Actually it's an 824 QXE, not a 724. I've read lots of good reviews and watched a few vids. They seem to perform well. Is this a pretty good price? Online they retail for around a grand. Comparing to my old Ariens 522ss this seems to be a better machine. Which would you all choose?


----------



## Ziggy65 (Jan 18, 2020)

Taryl video review of this machine and an Ariens.
You can skip to the 15:00 minute mark to see the machines blowing snow.


----------



## micah68kj (Oct 8, 2011)

Thanks for the vid. 
I've got an old Ariens 522ss. I'll probably just keep it. Even still, I may get this 724 QXE and resell it after I go over it.


----------



## jherbicide (Oct 14, 2021)

I have the 824 qxe and it is hands down my favorite snowblower I've ever used. Easiest to use, etc.

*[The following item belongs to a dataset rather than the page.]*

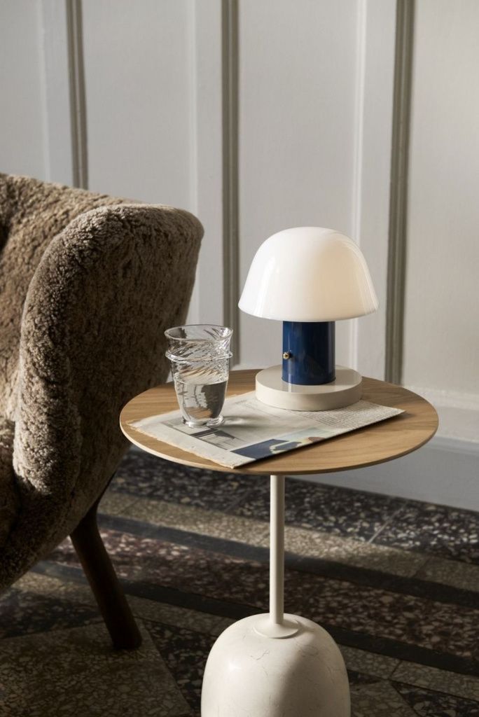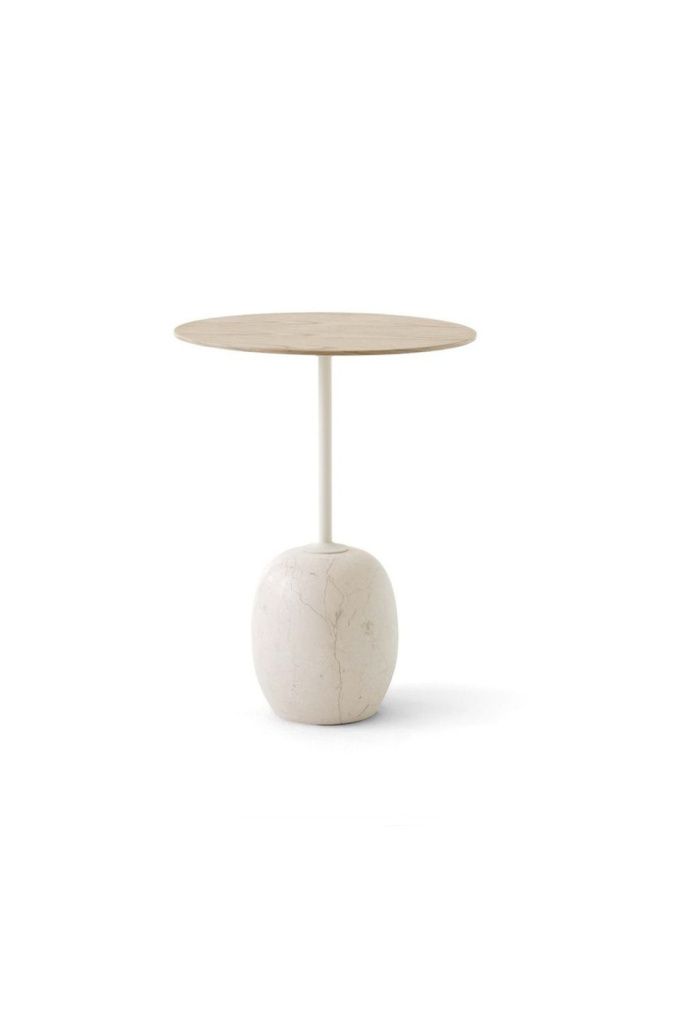 На первый взгляд столик Lato напоминает скульптуру: тонкая, овальная или круглая столешница уравновешивается овальным мраморным основанием.
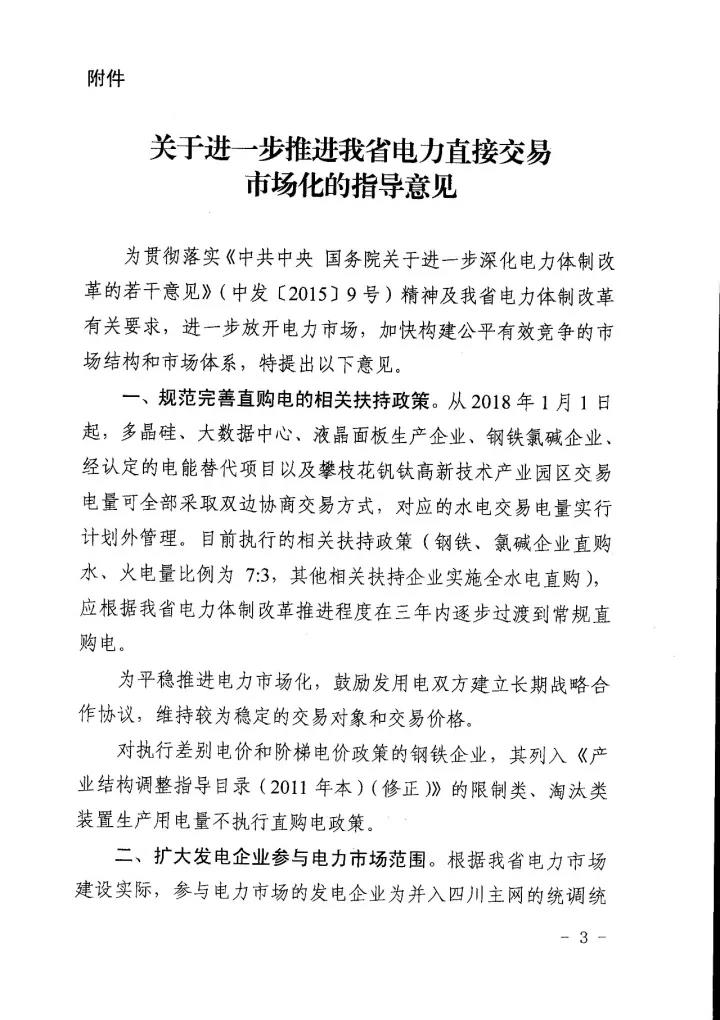 四川省經(jīng)信委、四川省發(fā) 改委、國(guó)家能源局四川監(jiān)管辦、四川省能源局日前聯(lián)合下發(fā)了《關(guān)于進(jìn)一步推進(jìn)我省電力直接交易市場(chǎng)化的指導(dǎo)意見》(以下簡(jiǎn)稱“意見”)。意見中稱,將規(guī)范完善直購(gòu)電的相關(guān)扶持政策,擴(kuò)大發(fā)電企業(yè)參與電力市場(chǎng)范圍,全面放開售電公司參與電力市場(chǎng),穩(wěn)步推進(jìn)進(jìn)商業(yè)用戶進(jìn)入電力市場(chǎng),積極開展產(chǎn)業(yè)園區(qū)直接交易試點(diǎn),穩(wěn)妥開展跨省跨區(qū)富余可再生能源電力現(xiàn)貨交易試點(diǎn),放開地方電網(wǎng)(躉售區(qū))進(jìn)入直接交易市場(chǎng),有序推進(jìn)其他特殊行業(yè)企業(yè)完全電力市場(chǎng)化。詳情如下:

The Taryl video is not representative of my results with the machine; they even admit they waited too long and the snow had turned to ice; the job they did required a heavy 2 stage to perform adequately.

To caveat, I live in central Iowa, so depending on your snows your experience may vary. I don't know if I would recommend it for lake effect type snows or if you often encounter iced over snows like the Taryl video.

My full review:

Lurker learns a lot (Toro Snowmaster 824QXE first...


----------



## jherbicide (Oct 14, 2021)

And here is Paul's review, including his and others videos of the machine.

Toro SnowMaster 824 QXE Test On Pavement, Gravel And Turf. It Snowed! - MovingSnow.com


----------



## Akula636 (26 d ago)

Toro makes a good machine but man personally I hate those joystick chute controls. They jam up with snow easily and are not as ergonomic to use


----------



## jherbicide (Oct 14, 2021)

Akula636 said:


> Toro makes a good machine but man personally I hate those joystick chute controls. They jam up with snow easily and are not as ergonomic to use


Your mileage may vary, but I've hadn't a lick of trouble with mine, besides a bit of getting familiar while in actual operation.


----------